I contrari Il comitato di viale Jenner: «La medaglia datela a noi residenti»

Non è così ecumenica la decisione di premiare con l’Ambrogino d’oro il direttore della Casa della cultura islamica, Mahmoud Asfa. La scelta non convince la Lega. «Mi piacerebbe - commenta Davide Boni, capodelegazione del Carroccio in Regione - che fossero spiegate in maniera più approfondita le ragioni» di questa decisione. «Non vorrei che nel caso specifico - osserva Boni - la scelta fosse stata troppo affrettata, anche perché è ormai ben noto come gli abitanti della zona si lamentino per tutta una serie di problemi legati alla convivenza forzata con la moschea.
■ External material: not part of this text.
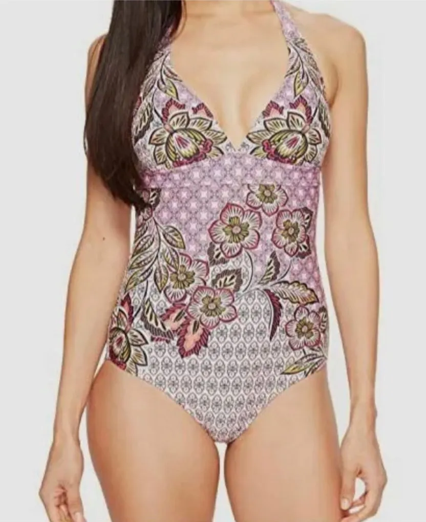 A one-piece suit for beach days and relaxing by the pool Supportive empire band with adjustable back hook Full rear coverage with back keyhole detail Moderate bust coverage with tied halter top Item #PRA00EA Excellent preowned condition! Bra pads not included. Size XL

Peraltro quest’ultima risulta essere affiliata all’Ucoi». «Prima di elargire onorificenze di questo tipo - conclude - dovremmo avere dei parametri che ci aiutino capire cosa intende quando definiamo un imam “buono, bravo e moderato”, anche perché fino ad oggi gli esempi in questa direzione purtroppo scarseggiano». Scettici i rappresentanti del comitato residenti di viale Jenner: «La notizia - commentano - lascia davvero senza parole». «Si premiano imam con onorificenze importanti dimenticando di risolvere i veri problemi. Ma nessuno pensa ai cittadini?» La provocazione: «Il riconoscimento datelo a loro». Ma l’artefice del premio ad Asfa, Aldo Brandirali (Pdl), rivendica l’operazione e nega l’affiliazione di via Padova all’Ucoii: «La moschea di via Padova svolge una funzione importante e aiuta a capire la realtà dell’islam». Parola di cattolico: «Il premio è il riconoscimento di un dato di fatto. La città e la chiesa sono più avanti della politica».